Tour by Led Zeppelin | |
Associated album | Led Zeppelin IV |
---|---|
Start date | 23 September 1971 |
End date | 29 September 1971 |
No. of shows | 5 |
Led Zeppelin concert chronology |
Led Zeppelin's 1971 Japanese Tour was the first in Japan by the English rock band. Commenced on 23 September and concluding on 29 September 1971, it was one of the first tours of Japan by a western rock band.[1]

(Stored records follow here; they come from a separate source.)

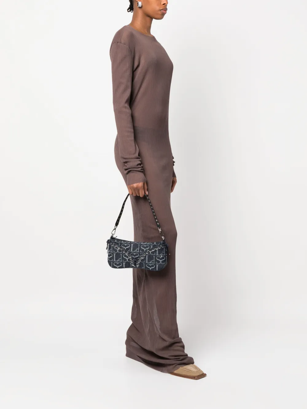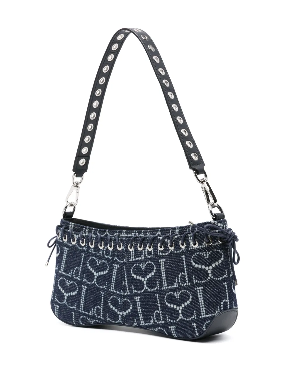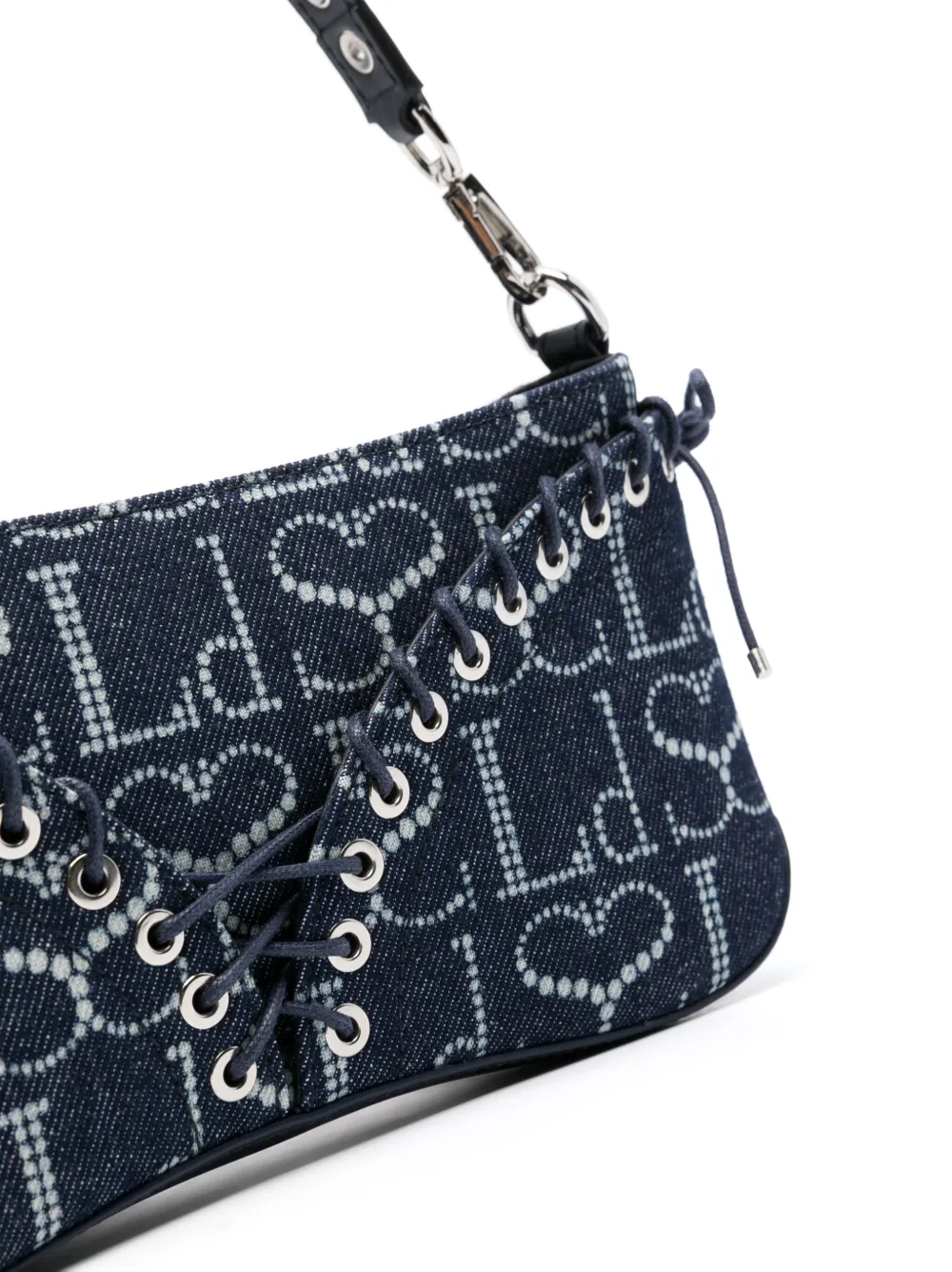 Индиго, деним, хлопок, сплошной принт с логотипом, шнуровка, съемный ремень на плечо, застежка на молнии сверху, основное отделение, внутренний прорезной карман, нашивка с логотипом внутри и серебристая фурнитура.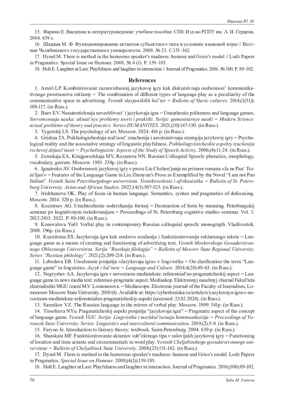 14. Тимофеева Н. Ю. Прагматический аспект понятия “языковая игра” // Вестник ВГУ. Серия: Лингвистика и межкультурная коммуникация. 2019. № 2. С. 5-9.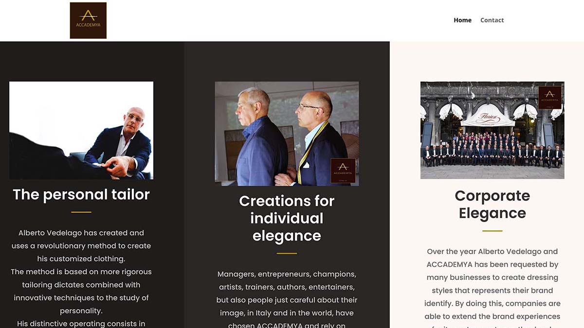 For renowned Italian designer Alberto Vedelago, we created a digital embodiment of his luxurious brand. Specialising in bespoke suits, shirts, shoes, and more, Vedelago’s clientele includes the affluent and famous from around the globe. Our task was to capture the essence of his brand in a minimalistic, yet elegant, “online business card”.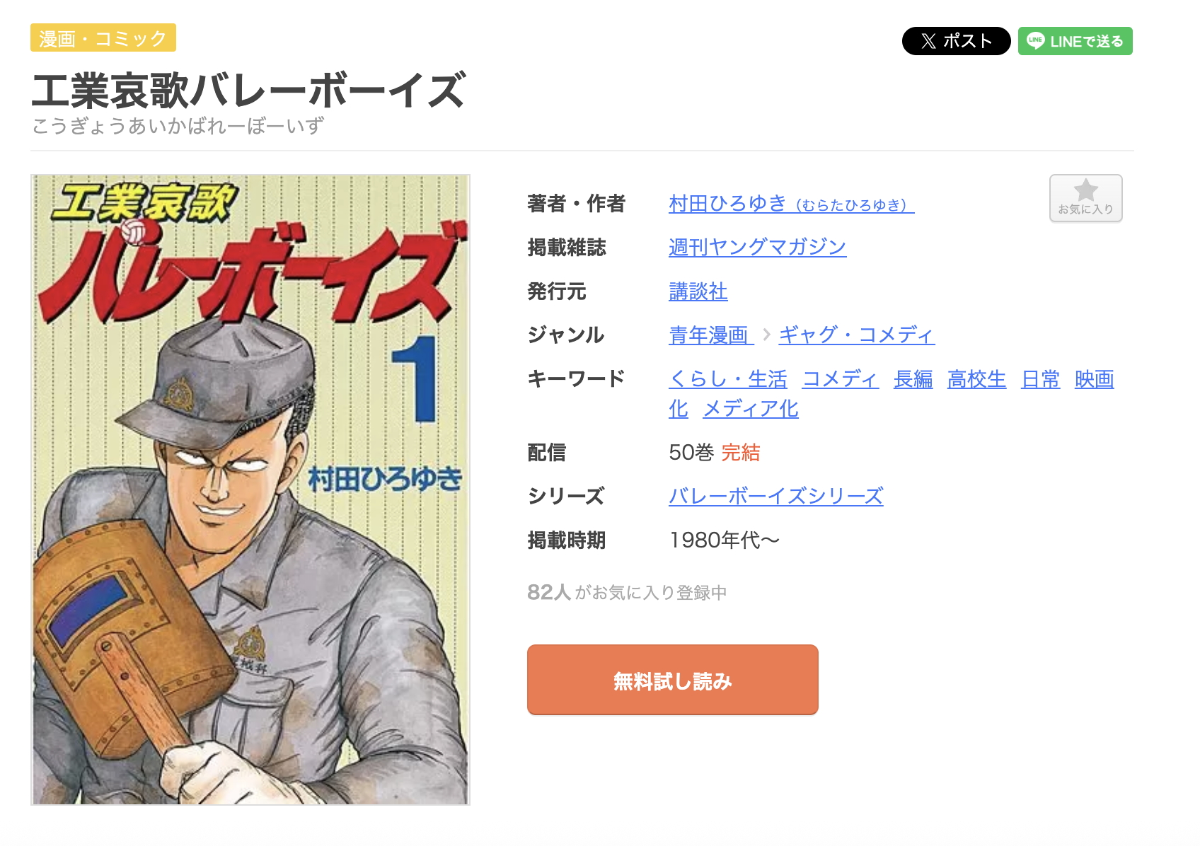 以上の手順で、漫画《工業哀歌バレーボーイズ》を無料で読むことができます。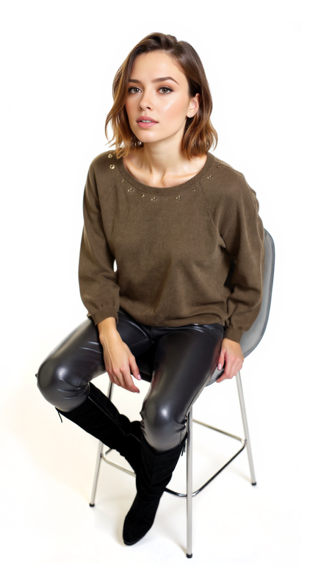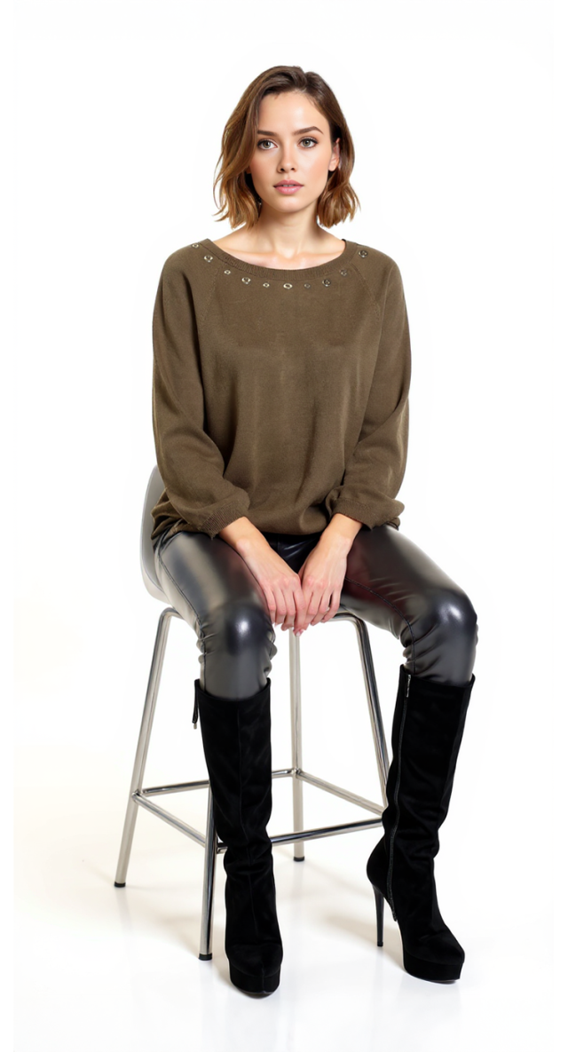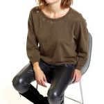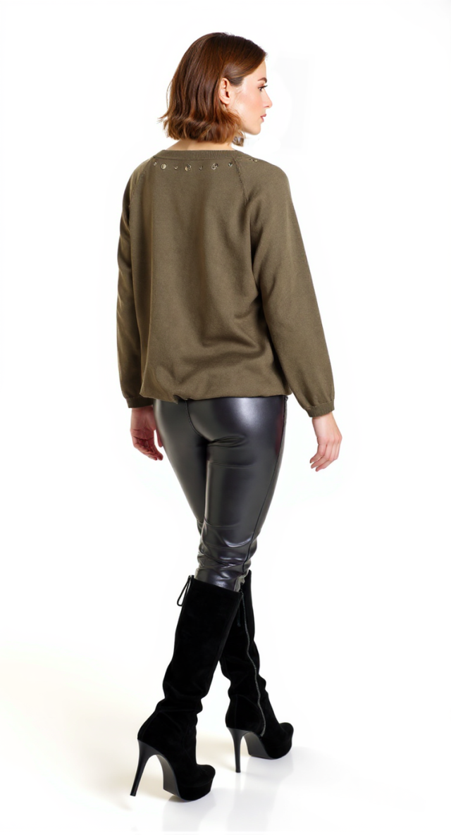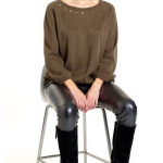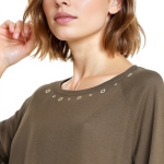 Новый стильный джемпер Michael Kors темно-оливкового цвета. Свободный фасон со скругленной горловиной, декорированной золотыми люверсами, и подвязкой на кантик. Приспущенный рукав длиной 3/4. В составе: 60% хлопок, 40% вискоза — ткань средней плотности, очень мягкая, приятная к телу. Оригинал из США. Состояние — новое, с фирменной биркой Michael Kors.

"It was the first time I'd been to such a sort of overpopulated place…" recalled guitarist Jimmy Page of Tokyo, where the tour began. "It was a city with such a new vision towards the future. The technology boom was really going on, even then… It seems odd now with Nikon everywhere, but at the time they were just really breaking the market, and you could get cameras over here really, really inexpensively, and hi-fi and little cine cameras… We came here and went away loaded with cameras and I started documenting the rest of my travels with Led Zeppelin for a bit."[2]
One of the concerts from the short tour, at Hiroshima on 27 September,[3] was a benefit show. As an expression of thanks, the city of Hiroshima presented the band with a letter of appreciation and the city medal from the local mayor.[1]
During the tour, singer Robert Plant allegedly punched drummer John Bonham before one of the shows.[1] This was not the only turbulent incident, as manager Peter Grant explained:
There were rows. One bloody amazing one happened in Japan when Robert came off stage with a split lip. It was over some dispute over some money from some tour. He still owed Bonzo some petrol money for 70 quid or something, but that's how it was! [1]
The concerts were recorded at the insistence of the Japanese record company Warner Bros.-Pioneer Corporation, which represented the band's record label Atlantic Records in Japan. However, Page considered the audio quality to be so poor, he decided to wipe the tapes and reuse them.[1]